It's been quiet around here.
It's not that I haven't had anything to say, but more that we've been busy.
We've been working to find our new normal and become a family of five.
Evie has been home just shy of three months.
It's funny to even say that because it honestly feels like she's always been here.
She has fit so seamlessly into our family.
But I don't want these memories to be lost--
our first memories together.
We met on a Sunday.
I saw her get out of the van and just like that, she was mine.
Here we are within minutes of meeting.
I won't say I was scared.
I knew that God had planned this and put so many details into place.
But I will say that I was nervous.
What if she was scared?
What if she was sad and longing for her foster mother?
What if she didn't feel like mine right away?

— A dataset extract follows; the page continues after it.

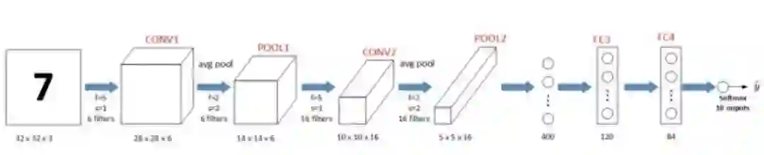 典型的LeNet-5结构包含CONV layer,POOL layer和FC layer,顺序一般是CONV layer->POOL layer->CONV layer->POOL layer->FC layer->FC layer->OUTPUT layer,即 y^。下图所示的是一个数字识别的LeNet-5的模型结构:
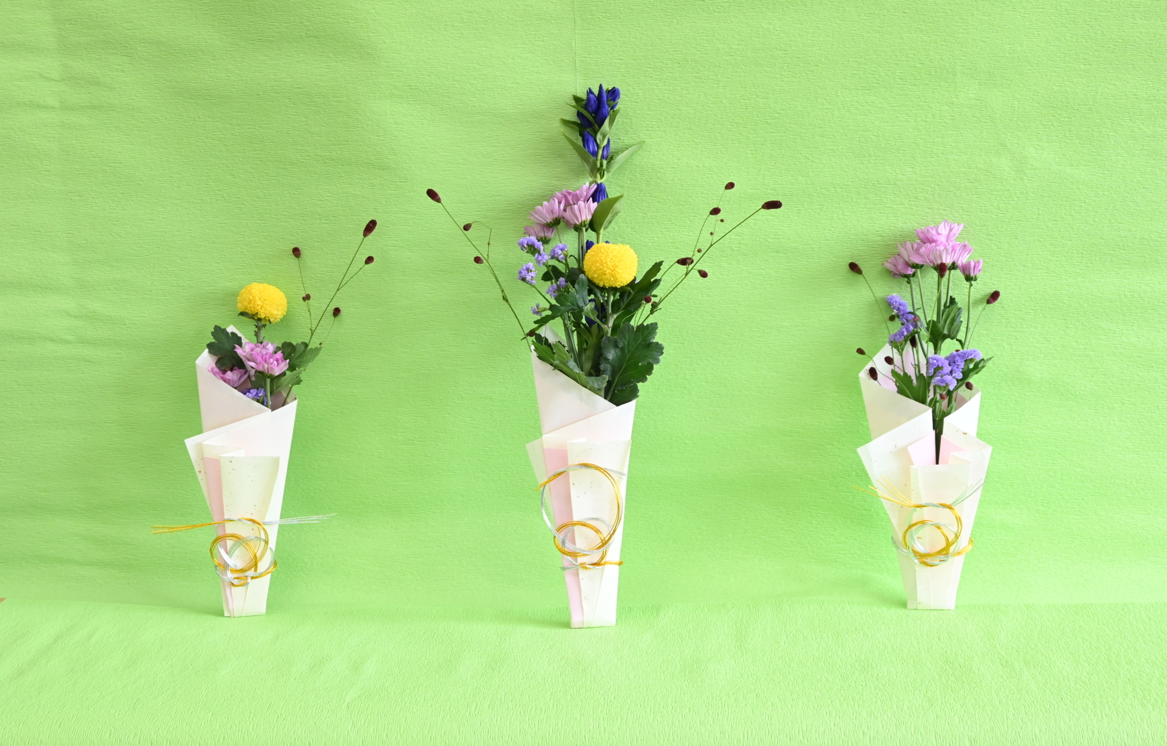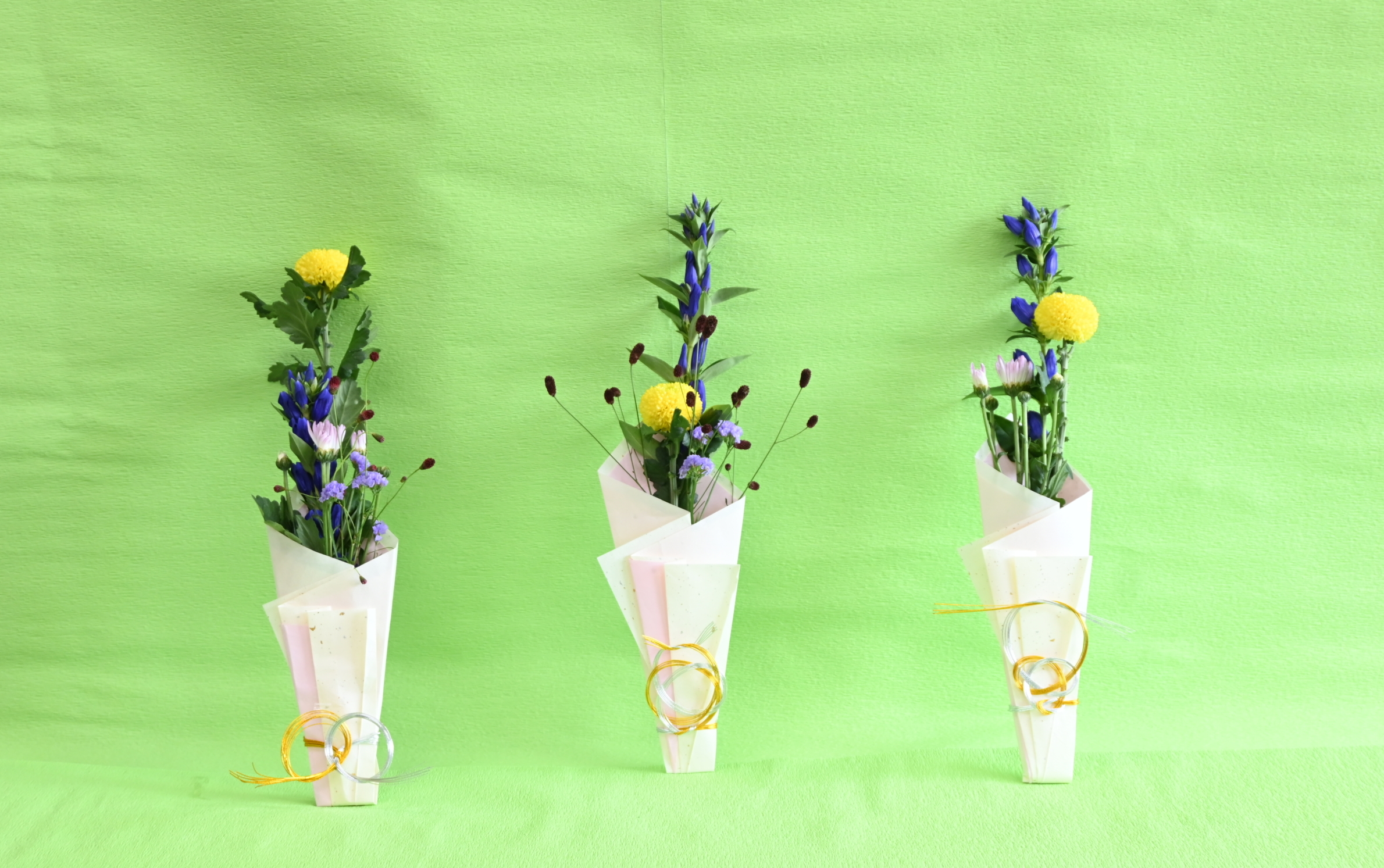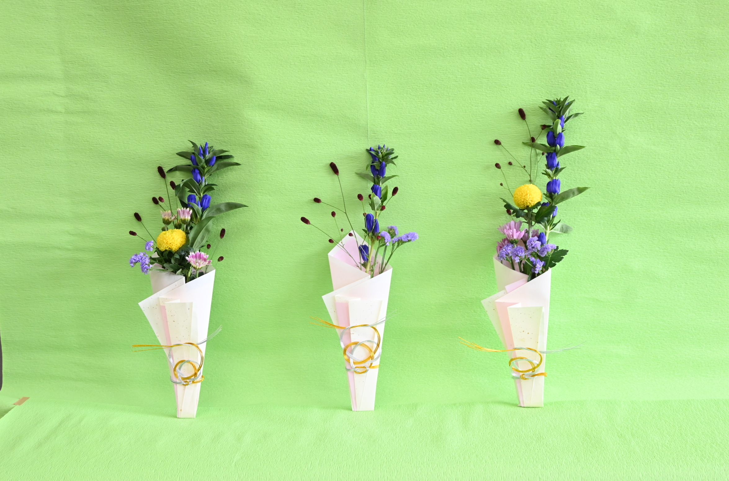 花材はリンドウ、ピンポンマム、PSPマム、ワレモコウ、スターチスです。

But my worries were for nothing.
Meeting Evie was far better than I could ever dreamed.
One minute she was a stranger, and the next minute she was family.
She was my daughter.
Our time in Congo was short and sweet,
filled with bubbles and stickers and play-doh and peanut butter crackers
and lots and lots of waiting.
And then, just like that, my lawyer showed up at our hotel with our beloved Exit Letter.
I've never been happier to see a piece of paper in my whole life.
And then I cried.
Within an hour, we were headed to the airport and boarding the first of several flights home.
I won't say that flying with a toddler was the most fun thing I've ever done.
I will say that for the most part she did very, very well and that I'm thankful for pound cake, headphones, nice strangers, and clean bathrooms.
After over twenty-four hours of travel, we finally landed in the good ole' US of A.
And then I cried again.
America, you just got a little cuter.
And our family just got a little bigger.
I'm an adopting mama no more.
Praise God from whom all blessings flow.